Relation-based queries (Objection's strength)

// Eager loading with withGraphFetched:
const packages = await Package.query()
  .withGraphFetched("versions")
  .where("weeklyDownloads", ">=", 1_000_000)
  .orderBy("weeklyDownloads", "desc")
  .limit(10)

// Joined eager loading (single query):
const packages2 = await Package.query()
  .withGraphJoined("versions")
  .where("versions.number", "like", "19.%")

// Insert graph — create package + versions in one call:
const pkg = await Package.query().insertGraph({
  name: "new-package",
  versions: [
    { number: "1.0.0" },
    { number: "1.0.1" },
  ],
})

// Upsert graph — insert or update based on id:
await Package.query().upsertGraph({
  id: 1,
  name: "react",
  weeklyDownloads: 5_500_000,
  versions: [
    { id: 1, number: "19.0.0" },
    { number: "19.1.0" },  // New — no id
  ],
})

Raw Knex escape hatch

// Objection is built on Knex — full access to query builder:
const result = await Package.query()
  .select("name")
  .select(
    Package.raw("(weekly_downloads / 1000000.0)::numeric(10,2) as downloads_millions")
  )
  .where("weeklyDownloads", ">", 100_000)

// Direct Knex queries:
const raw = await knex("packages")
  .select("name", "weekly_downloads")
  .where("name", "like", "%react%")
  .orderBy("weekly_downloads", "desc")

Feature Comparison

When to Use Each

Use MikroORM if:

• Want a modern TypeScript ORM with Unit of Work pattern
• Need automatic change tracking and Identity Map
• Familiar with Doctrine (PHP) or Hibernate (Java) patterns
• Building a new TypeScript project from scratch

Use Sequelize if:

• Existing project already using Sequelize
• Team is familiar with Active Record pattern
• Need the widest community support and tutorials
• Working with multiple database engines

Use Objection.js if:

• Already using Knex.js for migrations/queries
• Need graph inserts/upserts (nested relation CRUD)
• Want JSON Schema validation on models
• Prefer SQL-close query building with ORM convenience

For new projects in 2026:

• Consider Prisma (schema-first, generated client) or Drizzle (SQL-like, type-safe) first
• MikroORM if you prefer the traditional ORM pattern
• Sequelize and Objection.js are mature but aging — new projects benefit from modern alternatives

MikroORM's Unit of Work Pattern in Practice

The Unit of Work pattern is the most significant architectural difference between MikroORM and the other two ORMs, and understanding it changes how you reason about database interactions at the application level.
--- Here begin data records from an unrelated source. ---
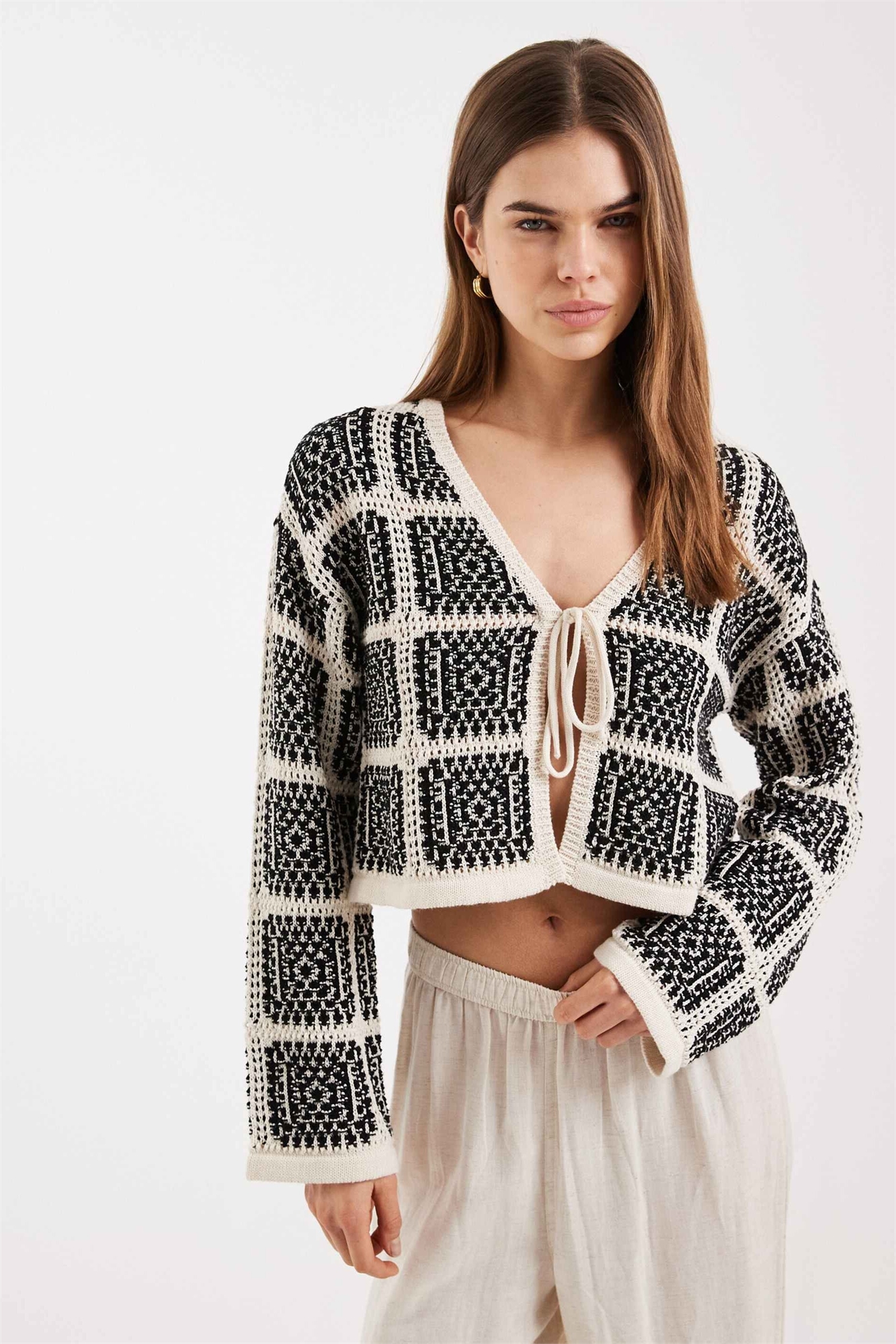 Кардиган с завязками спереди, связанный крючком
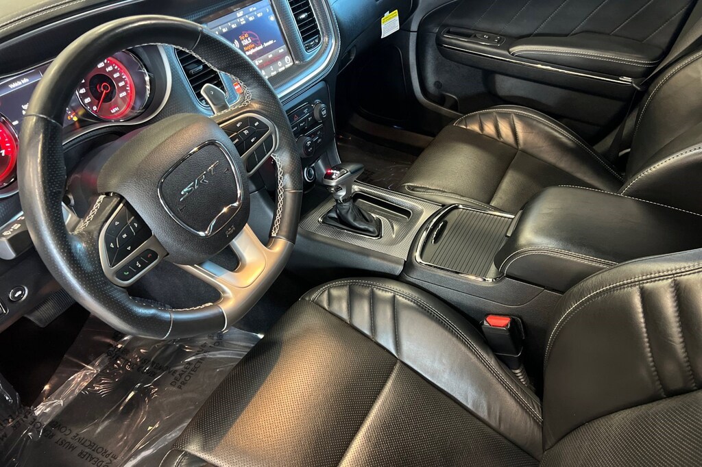 MANUFACTURER'S STATEMENT OF ORIGIN, LOCKING LUG NUTS, FRONT LICENSE PLATE BRACKET, ENGINE: 6.2L SUPERCHARGED HEMI V8 SRT (STD), Voice Recorder, Valet Function, Uconnect w/Bluetooth Wireless Phone Connectivity, Trunk Rear Cargo Access, Trip Computer, Transmission w/Driver Selectable Mode and AUTOSTICK Sequential Shift Control w/Steering Wheel Controls. This Dodge Charger has a strong Intercooled Supercharger Premium Unleaded V-8 6.2 L/376 engine powering this Automatic transmission.
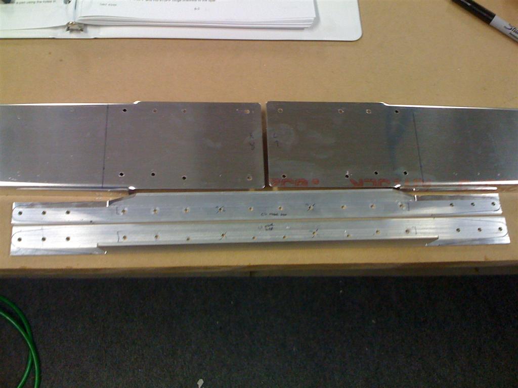 Then, after quick two-hour break for dinner and a couple TV shows, I went back outside after normal bedtime once I knew the rear spar parts had dried. Here they are clecoed together with the elevator center bearing (VA-146) and the hinge brackets.
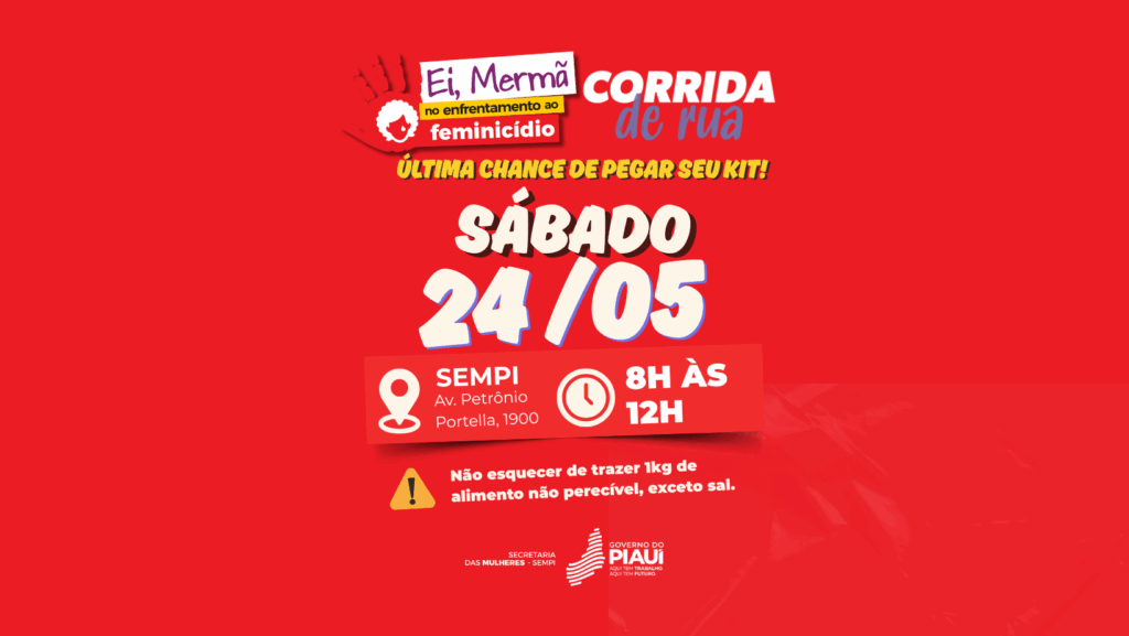 A Secretaria das Mulheres (Sempi) prorrogou a entrega dos kits para a Corrida contra o Feminicídio até este sábado (24), das 8h às 12h, na sede da Secretaria, localizada na Av. Petrônio Portela, nº 1900, na zona norte de Teresina.
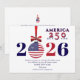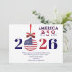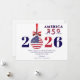 Celebre la temporada y el hito histórico del 250 aniversario de Estados Unidos con esta elegante tarjeta de vacaciones patriótica. Con la fecha 2026 y un adorno festivo al estilo de la bandera estadounidense y un saludo navideño personalizable, este diseño de América 250 combina la calidez de la Navidad con felicitaciones de Año Nuevo y orgullo en un año electoral.
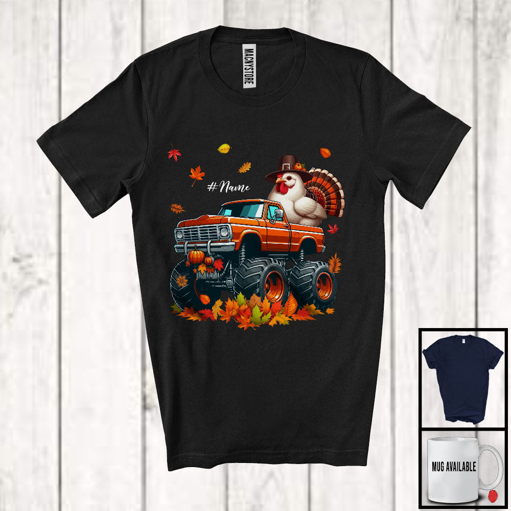 Personalized Custom Name Chicken Turkey On Monster Truck; Joyful Thanksgiving Fall Leaf T-Shirt
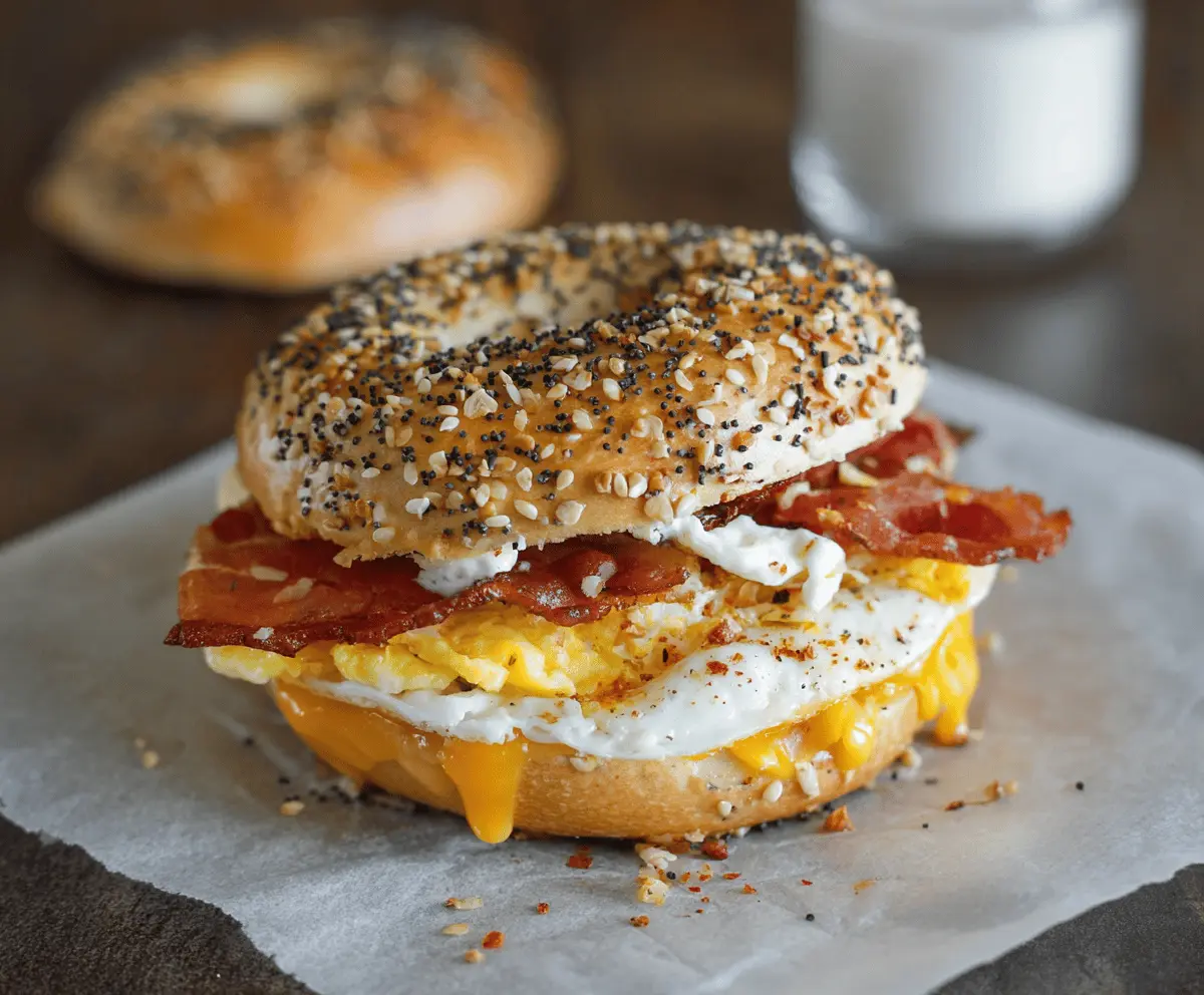 Serve the sandwich immediately while it’s warm. Enjoy the rich flavors of everything bagel, creamy cheese, crispy bacon, and fluffy eggs—all in one amazing bite!
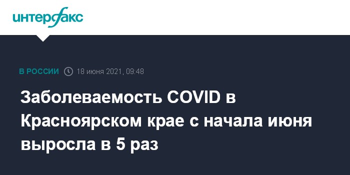 Москва. 18 июня. INTERFAX.RU - В Красноярском крае с начала июня отмечается пятикратный рост числа зараженных коронавирусом, сообщила на заседании Горсовета Красноярска консультант Минздрава региона Наталья Бахарева.
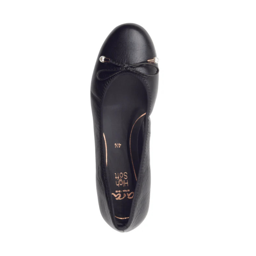 La Scout d'Ara est une ballerine intemporelle ornée d'un nœud et d'embouts métalliques. Elle est dotée d'une tige élastiquée pour un ajustement personnalisé et de la technologie HighSoft d'Ara pour un confort inégalé.
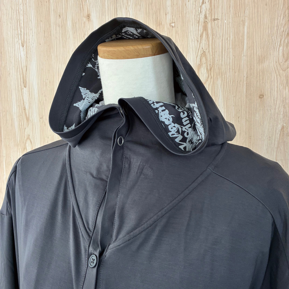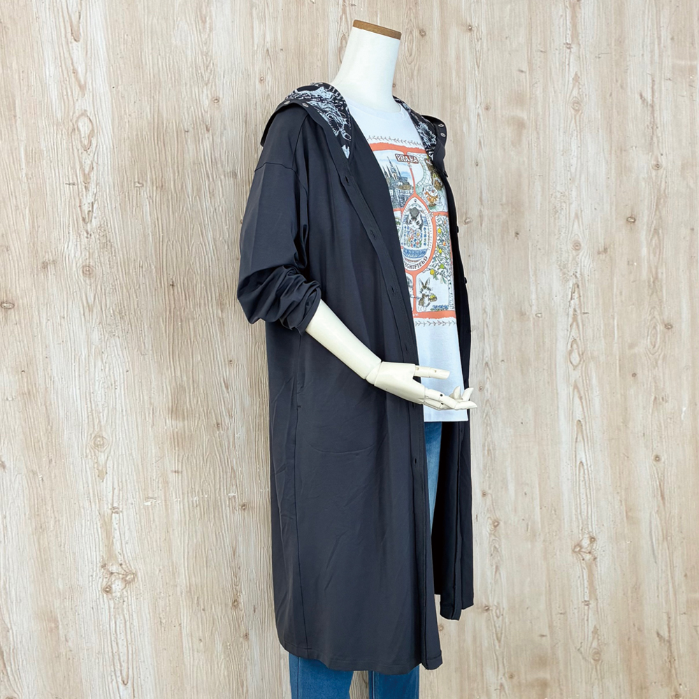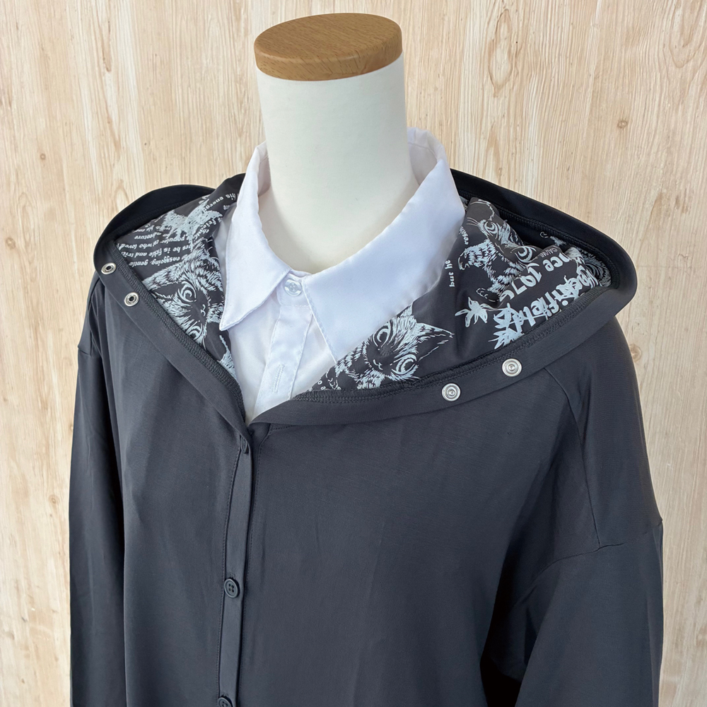 ボタンまではやや前下がりで深く、フード内側の柄がチラ見え・・・。
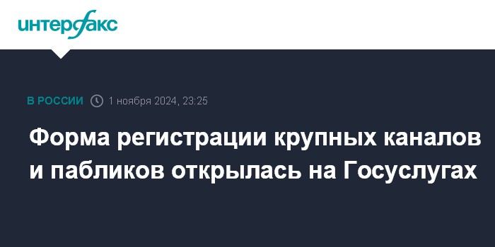 Форма регистрации крупных каналов и пабликов открылась на Госуслугах
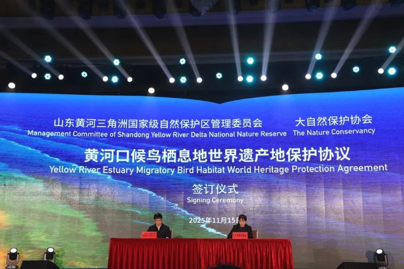 2025年11月15日,以“黄河拥抱蔚蓝 我们握手世界”为主题的第三届“沿着黄河遇见海”黄河口国际观鸟季在山东东营开幕。在开幕式上,东营市政府及黄河三角洲自然保护区分别与包括大自然保护协会(TNC)在内的协会、高校、科研机构、国际组织及地方政府签订合作协议,涉及湿地保护、世界自然遗产地守护、鹤类国家保护研究中心共建及协同保护发展等多个领域。同期举办的国家公园协同保护国际交流活动,汇聚各界智慧,为黄河口国家公园建设及人与自然和谐共生的协同保护注入新动能。
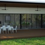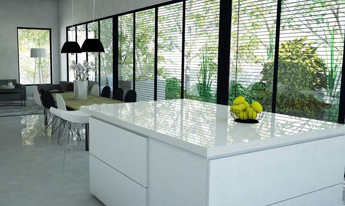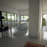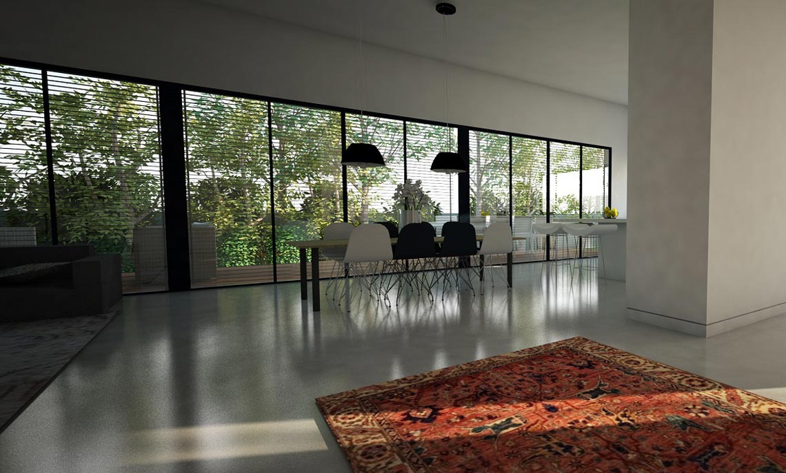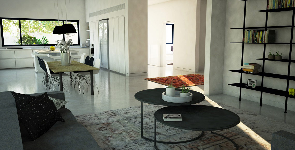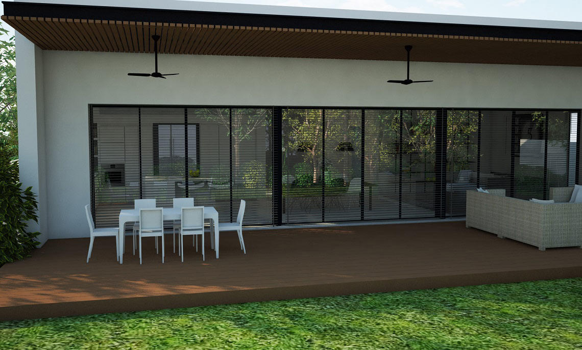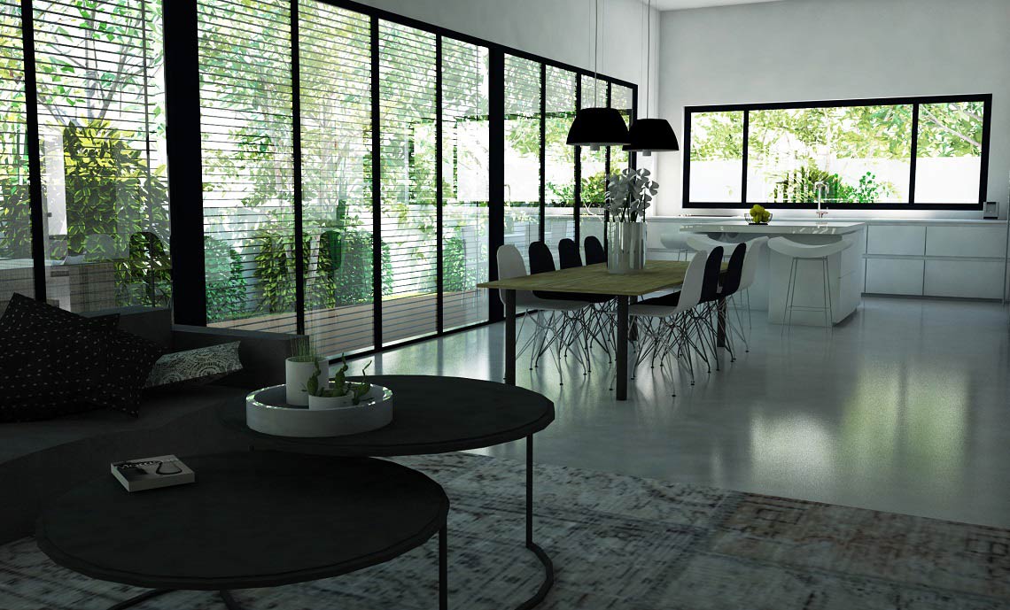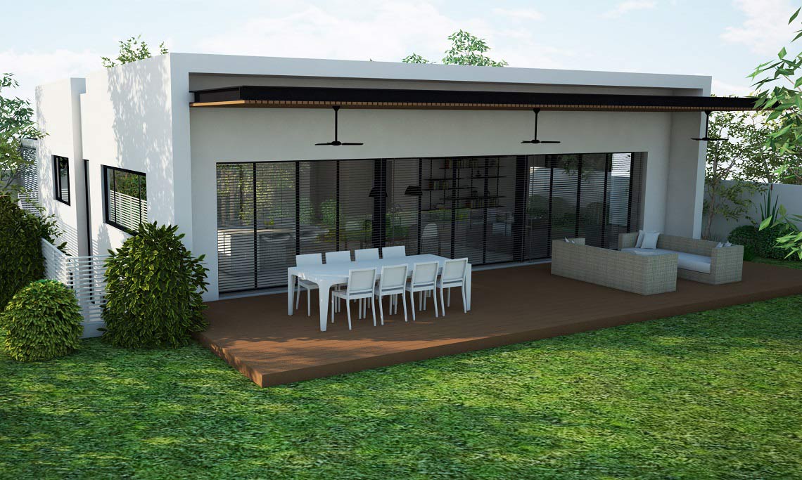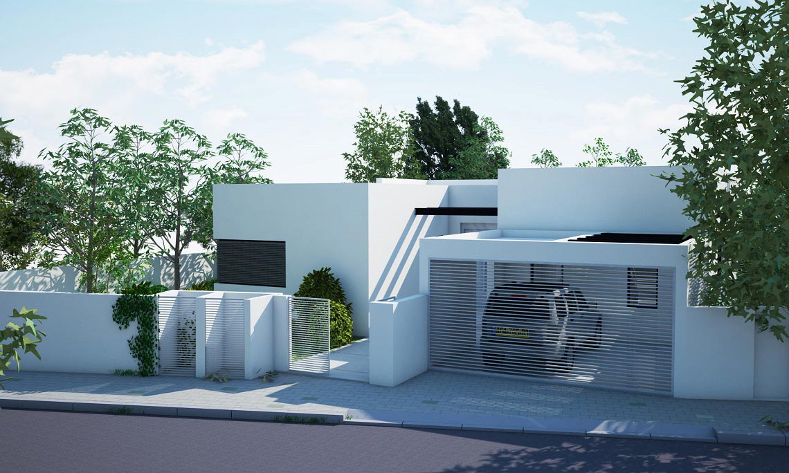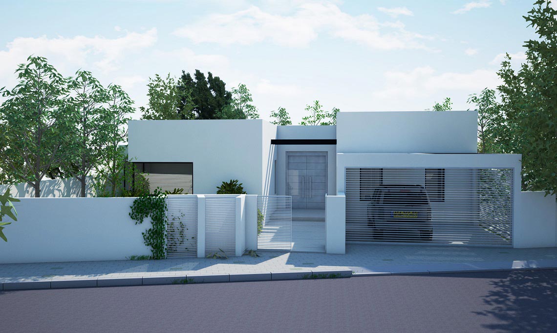 תכנון אדריכלי ועיצוב וילה – בית מגורים על קומת קרקע שתוכנן בצורת האות "H". תכנית העמדה והחלוקה מאוד ברורים, כאשר מחולק בתכנון הבית חולק ל-2 אזורים נפרדים ע"י מבואת כניסה רחבה. אזור המגורים לחדרי השינה ואזור משני לחללים הציבוריים הפונים בוויטרינה רחבה להמשך חצר הגינה.

In Sequelize or Objection.js, every database operation is explicit and immediate: Package.update() fires a SQL UPDATE statement right now, Package.create() fires an INSERT right now. In MikroORM, mutations are accumulated in an in-memory change log managed by the Entity Manager. Only when you call em.flush() does MikroORM inspect what changed, generate the minimal set of SQL statements needed, and execute them in a single transaction. This means you can modify five related entities across three different tables in application code and MikroORM will batch all updates into one round trip, automatically wrapped in a transaction.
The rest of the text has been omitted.